The g-and-k distribution is a standard problem to analyze using ABC methods, and we will therefore first consider the problem of estimating the parameters of the g-and-k distribution using the ABC rejection sampling algorithm. 

For the g-and-k distribution is the quantile function give by 

\begin{align}
    F^{-1}(x \mid A,B,c,g,k) = A + B \Big( 1 + c \frac{1- \exp(-g\cdot r(x))}{1+ \exp(-g\cdot r(x)} \Big)(1+r^{2}(x))^{k}r(x).
\end{align}

Where $A$,$B$,$c$,$g$, and $k$ are the parameters of the g-and-k distribution and $r(x)$ the $x$th standard normal quantile. 

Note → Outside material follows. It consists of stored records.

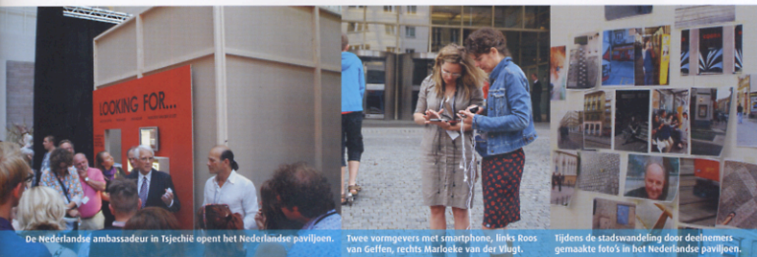
De Nederlandse ambassadeur in Tsjechië opent het Nederlandse paviljoen.
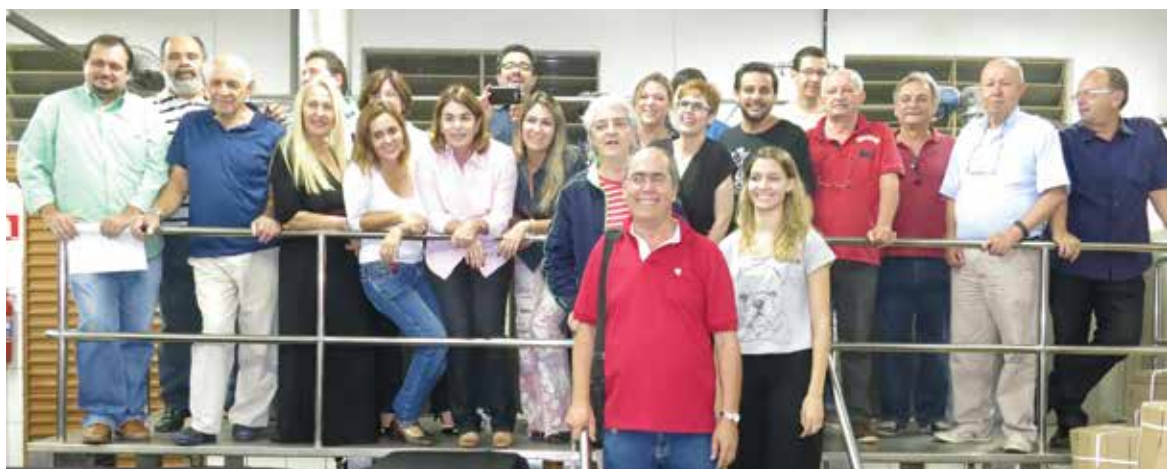
ENCONTRO DE JORNALISTAS NA CERVEJARIA INVICTA - Membros da Confraria 'Parem As Rotativas' prestigiaram o lançamento oficial do Slow Brew Brasil - Festival de Cervejas Artesanais que acontecerá em Ribeirão Preto em 1 e 2 de novembro de 2014.
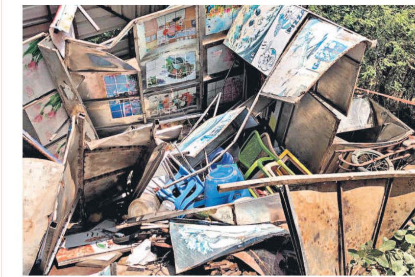
చిరు వ్యాపారాలను తొలగించిన బల్లియా సిబ్బంది

నగరంలో ట్రాఫిక్ సమస్య తీవ్రం కావడంతో పాటు పరిష్కారం కాకపోవడానికి చలు ప్రధాన కారణాలు ఉన్నాయనే వ్యాఖ్యలు వినిపిస్తున్నాయి. ఇందులో ప్రధానంగా విజయల్ పాలీసింగ్ అనేది చాలా భారీ పోలీసింగ్ అనేది చాలా తగ్గదనే అభిప్రాయాలు వ్యక్తమవుతున్నాయి. పీక్ అవర్స్ లో కొన్నిరోజుల కనిపించినా... ఆ తర్వాత లోకపోవడంతో సాధారణ సమయాల్లోనూ ట్రాఫిక్ ఇబ్బందులు తలెత్తుతున్నాయి. నగరంలో ప్రధానంగా కొన్ని చోట్ల ట్రాఫిక్ జామ్స్ తీవ్రమై... దాని ప్రభావం వినిపిస్తున్నది. దీనిపై సులభంగా పోలీసు ఆధికారుల పోలీసు అండ్ రేవంత్ విమర్శలు ఉన్నాయి. తొలుత స్వల్పకాలిక పరిష్కారాలపై దృష్టిసారించి... ఆ తర్వాత దీర్ఘకాలిక చర్యలపై వాహనదారులకు కొంతమేర ఉపశాంతి కలుగుతుందని చలువురు సూచిస్తున్నారు.
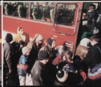
В общественном транспорте
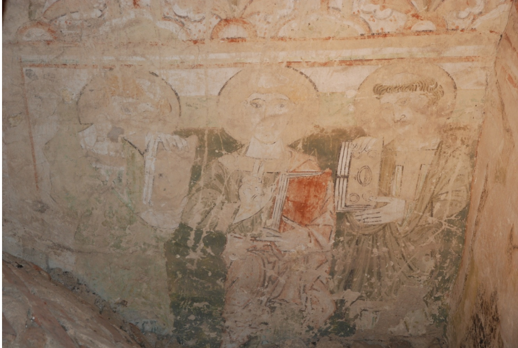
Bild 3: nordöstra långhusväggen ovan valv, tre munkar eller diakoner.

Måleriet i Kaga kyrka är väl dokumenterat och beskrivet, varför här endast görs en kort sammanfattning. För det romanska måleriet ovan valv hänvisas till Sten Petersons sammanställning från 2009 och konserveringsrapporter.
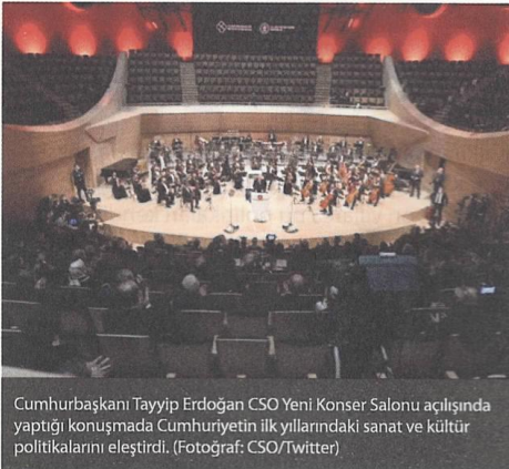
Cumhurbaşkanı Tayyip Erdoğan CSO Yeni Konser Salonu açılışında yaptığı konuşmada Cumhuriyetin ilk yıllarındaki sanat ve kültür politikalarını eleştirdi.
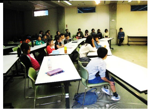
▲話に聴き入る子ども達
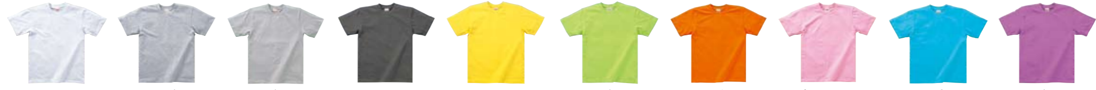
アッシュ: AS ミックス グレー: MG ライト グレー: L.GL チャコール: CH イエロー: YW この色には、100cm サイズもあります。 ライム グリーン: LM オレンジ: OE ピンク: PK この色には、100cm サイズもあります。 アクア ブルー: AQ この色には、100cm サイズもあります。 ラベンダー: LA この色には、100cm サイズもあります。
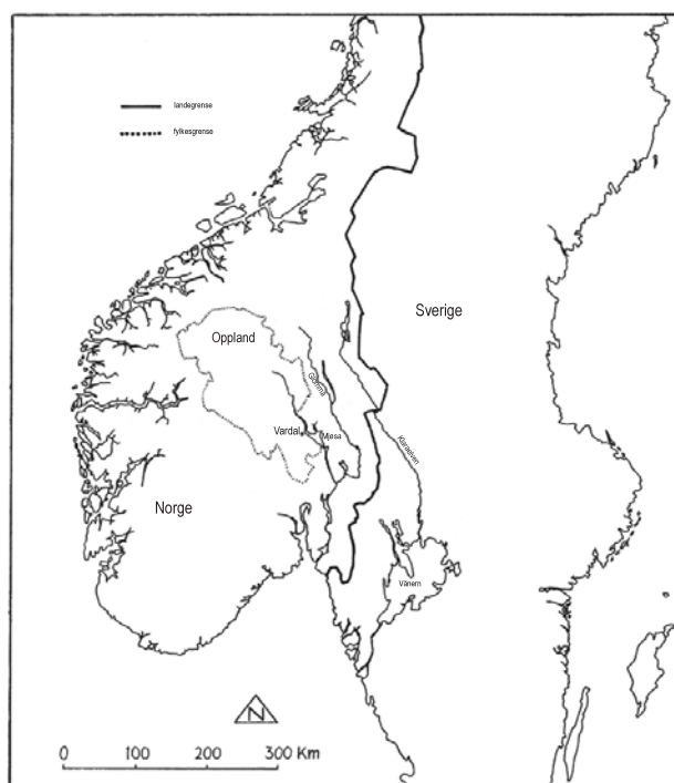
Figur 3 Kart med lokalitetene som beskrives nærmere.

som gjør at disse områdene ikke kan defineres som ueid, i betydningen uten hevdvunne rettigheter for noen (jf. Bergstøl 2008 om sameier i Østerdalen i middelalder og jernalder).
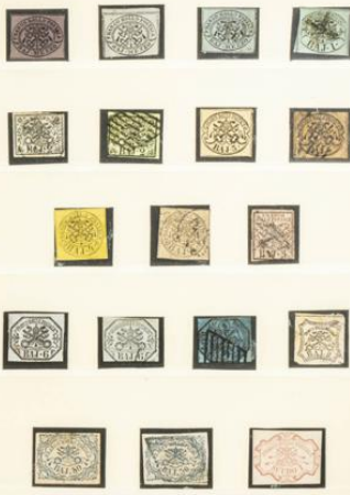
ESTADOS DE LA IGLESIA
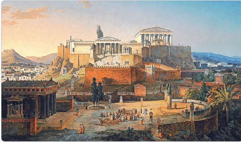
▲ Афинский Акрополь. Реконструкция

Полисы выросли из небольших укрепленных поселков. Центром полиса был город. К нему примыкала окружавшая его территория с немногочисленными поселениями. В каждом таком государстве проживало в среднем от 5 до 10 тыс. человек.
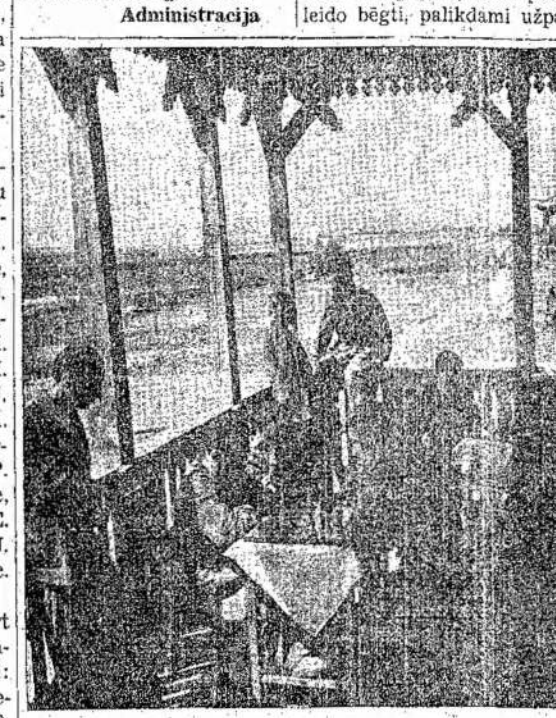
Lietuviai kovūnai, nariai šio name. Kada jie pataisys frontą kovai už išlaisvinimą Lietuvos, tai grįš atgal į Lietuvos.

me, mūsų buvo tik 60. Mes, tačiau, nutarėm stoti kovon su vokiečių policija. Apsupę kaimą, davus ženklą, mes puolėm į gatvę. Vokiečiai matomai neatspėjo, kiek mūsų buvo, todėl pasileido bėgti, palikdami užpa-

We will for the g-and-k distribution follow a setting often used in the literatur (see [ [1]](#allingham_etal_09), and [ [14]](#picchini_17)), and we therefore assume that the unknown parameters are $\theta = (A,B,g,k)$, and set $c = 0.8$. The true parameter value are set to $\theta_{true} = (3,1,2,0.5)$, and the data set $y$ contains 5000 observations. We will follow [ [14]](#picchini_17) and use a flat prior distribution $\mathcal{U}(0,10)$ for all parameters, and the summery statistics: $s(y) = (P_{20},P_{40},P_{50},P_{60},P_{80}, \text{skew}(y))$, where $P_x$ is the $x$th percentile of the data and $\text{skew}$ is the skewness of the data. We do not use any pre-run to estimate the weighs $w$ for the summery statistics, instead we use the same weighs as in [ [14]](#picchini_17) and set $w = (0.22,0.19,0.53,2.29,1.90)$.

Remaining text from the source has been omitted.